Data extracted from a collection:
|---|

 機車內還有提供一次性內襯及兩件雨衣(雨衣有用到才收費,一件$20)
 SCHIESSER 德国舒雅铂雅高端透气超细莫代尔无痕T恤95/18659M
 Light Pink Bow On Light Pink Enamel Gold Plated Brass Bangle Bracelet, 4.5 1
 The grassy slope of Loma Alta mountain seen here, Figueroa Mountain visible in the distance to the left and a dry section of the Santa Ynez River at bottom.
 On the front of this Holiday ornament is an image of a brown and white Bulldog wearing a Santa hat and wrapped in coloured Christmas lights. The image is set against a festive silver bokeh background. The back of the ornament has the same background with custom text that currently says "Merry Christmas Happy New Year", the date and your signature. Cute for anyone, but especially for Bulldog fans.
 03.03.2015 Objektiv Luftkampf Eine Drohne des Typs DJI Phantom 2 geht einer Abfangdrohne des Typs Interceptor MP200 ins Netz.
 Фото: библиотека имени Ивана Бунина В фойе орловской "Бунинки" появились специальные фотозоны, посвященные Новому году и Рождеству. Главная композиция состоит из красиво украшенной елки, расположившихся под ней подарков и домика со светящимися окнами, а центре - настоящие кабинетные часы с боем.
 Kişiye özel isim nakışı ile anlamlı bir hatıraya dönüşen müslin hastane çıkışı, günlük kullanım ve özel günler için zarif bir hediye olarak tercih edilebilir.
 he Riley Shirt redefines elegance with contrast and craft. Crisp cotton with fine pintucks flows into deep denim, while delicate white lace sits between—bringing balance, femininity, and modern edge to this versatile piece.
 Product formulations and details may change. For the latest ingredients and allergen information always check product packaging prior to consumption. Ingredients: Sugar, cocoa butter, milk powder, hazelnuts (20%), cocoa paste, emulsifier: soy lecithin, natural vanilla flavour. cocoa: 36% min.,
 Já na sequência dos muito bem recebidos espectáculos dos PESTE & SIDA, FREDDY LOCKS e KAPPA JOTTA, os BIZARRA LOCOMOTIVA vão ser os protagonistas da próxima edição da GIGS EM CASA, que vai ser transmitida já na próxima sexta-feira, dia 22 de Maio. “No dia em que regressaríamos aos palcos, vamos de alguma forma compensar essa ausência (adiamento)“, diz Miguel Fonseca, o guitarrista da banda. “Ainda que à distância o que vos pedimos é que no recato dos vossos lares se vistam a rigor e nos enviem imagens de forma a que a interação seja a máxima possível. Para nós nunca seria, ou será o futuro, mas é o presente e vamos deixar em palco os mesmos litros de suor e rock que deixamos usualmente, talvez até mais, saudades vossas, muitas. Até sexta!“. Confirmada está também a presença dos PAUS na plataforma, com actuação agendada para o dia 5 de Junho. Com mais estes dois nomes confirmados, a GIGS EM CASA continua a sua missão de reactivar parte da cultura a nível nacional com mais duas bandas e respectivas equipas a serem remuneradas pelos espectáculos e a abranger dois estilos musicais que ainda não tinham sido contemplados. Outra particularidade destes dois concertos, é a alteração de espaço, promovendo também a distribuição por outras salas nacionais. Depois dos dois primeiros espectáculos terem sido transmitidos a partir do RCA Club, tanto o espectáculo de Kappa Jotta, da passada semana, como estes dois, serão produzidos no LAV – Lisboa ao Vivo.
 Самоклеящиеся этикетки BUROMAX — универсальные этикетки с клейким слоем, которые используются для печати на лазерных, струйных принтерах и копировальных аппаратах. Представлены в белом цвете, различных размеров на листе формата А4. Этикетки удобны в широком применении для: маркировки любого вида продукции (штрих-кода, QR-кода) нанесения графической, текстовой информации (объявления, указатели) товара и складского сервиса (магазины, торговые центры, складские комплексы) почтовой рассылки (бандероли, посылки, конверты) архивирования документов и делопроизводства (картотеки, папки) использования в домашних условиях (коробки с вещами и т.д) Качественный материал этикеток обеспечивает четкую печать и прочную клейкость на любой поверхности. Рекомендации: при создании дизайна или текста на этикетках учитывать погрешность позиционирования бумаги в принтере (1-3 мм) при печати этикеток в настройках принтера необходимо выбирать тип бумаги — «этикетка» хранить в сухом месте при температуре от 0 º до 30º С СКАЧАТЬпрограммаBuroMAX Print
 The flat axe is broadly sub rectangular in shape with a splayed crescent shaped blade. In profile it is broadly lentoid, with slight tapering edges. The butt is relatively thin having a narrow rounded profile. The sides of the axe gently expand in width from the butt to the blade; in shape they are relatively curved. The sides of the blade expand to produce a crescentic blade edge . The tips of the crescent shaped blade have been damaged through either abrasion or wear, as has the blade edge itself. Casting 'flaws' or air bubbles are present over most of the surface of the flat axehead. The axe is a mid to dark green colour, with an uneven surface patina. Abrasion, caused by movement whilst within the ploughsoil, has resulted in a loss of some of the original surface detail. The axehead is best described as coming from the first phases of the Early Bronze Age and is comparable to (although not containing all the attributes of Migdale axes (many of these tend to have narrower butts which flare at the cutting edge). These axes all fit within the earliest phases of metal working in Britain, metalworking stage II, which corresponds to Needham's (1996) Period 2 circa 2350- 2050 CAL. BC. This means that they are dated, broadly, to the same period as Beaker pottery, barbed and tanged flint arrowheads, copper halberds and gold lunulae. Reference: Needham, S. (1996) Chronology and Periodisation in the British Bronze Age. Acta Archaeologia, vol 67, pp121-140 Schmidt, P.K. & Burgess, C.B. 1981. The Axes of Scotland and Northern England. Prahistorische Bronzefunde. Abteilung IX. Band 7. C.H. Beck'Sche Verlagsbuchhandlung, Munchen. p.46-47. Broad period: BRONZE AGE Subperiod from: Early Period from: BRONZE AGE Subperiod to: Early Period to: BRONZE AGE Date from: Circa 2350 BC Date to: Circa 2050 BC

|---|

_Try it_
Using the data above, repeat exactly the lines that begin at the line with "The grassy slope" and end at the line with "Product formulations and", both ends included.

_Solution to this problem_
 The grassy slope of Loma Alta mountain seen here, Figueroa Mountain visible in the distance to the left and a dry section of the Santa Ynez River at bottom.
 On the front of this Holiday ornament is an image of a brown and white Bulldog wearing a Santa hat and wrapped in coloured Christmas lights. The image is set against a festive silver bokeh background. The back of the ornament has the same background with custom text that currently says "Merry Christmas Happy New Year", the date and your signature. Cute for anyone, but especially for Bulldog fans.
 03.03.2015 Objektiv Luftkampf Eine Drohne des Typs DJI Phantom 2 geht einer Abfangdrohne des Typs Interceptor MP200 ins Netz.
 Фото: библиотека имени Ивана Бунина В фойе орловской "Бунинки" появились специальные фотозоны, посвященные Новому году и Рождеству. Главная композиция состоит из красиво украшенной елки, расположившихся под ней подарков и домика со светящимися окнами, а центре - настоящие кабинетные часы с боем.
 Kişiye özel isim nakışı ile anlamlı bir hatıraya dönüşen müslin hastane çıkışı, günlük kullanım ve özel günler için zarif bir hediye olarak tercih edilebilir.
 he Riley Shirt redefines elegance with contrast and craft. Crisp cotton with fine pintucks flows into deep denim, while delicate white lace sits between—bringing balance, femininity, and modern edge to this versatile piece.
 Product formulations and details may change. For the latest ingredients and allergen information always check product packaging prior to consumption. Ingredients: Sugar, cocoa butter, milk powder, hazelnuts (20%), cocoa paste, emulsifier: soy lecithin, natural vanilla flavour. cocoa: 36% min.,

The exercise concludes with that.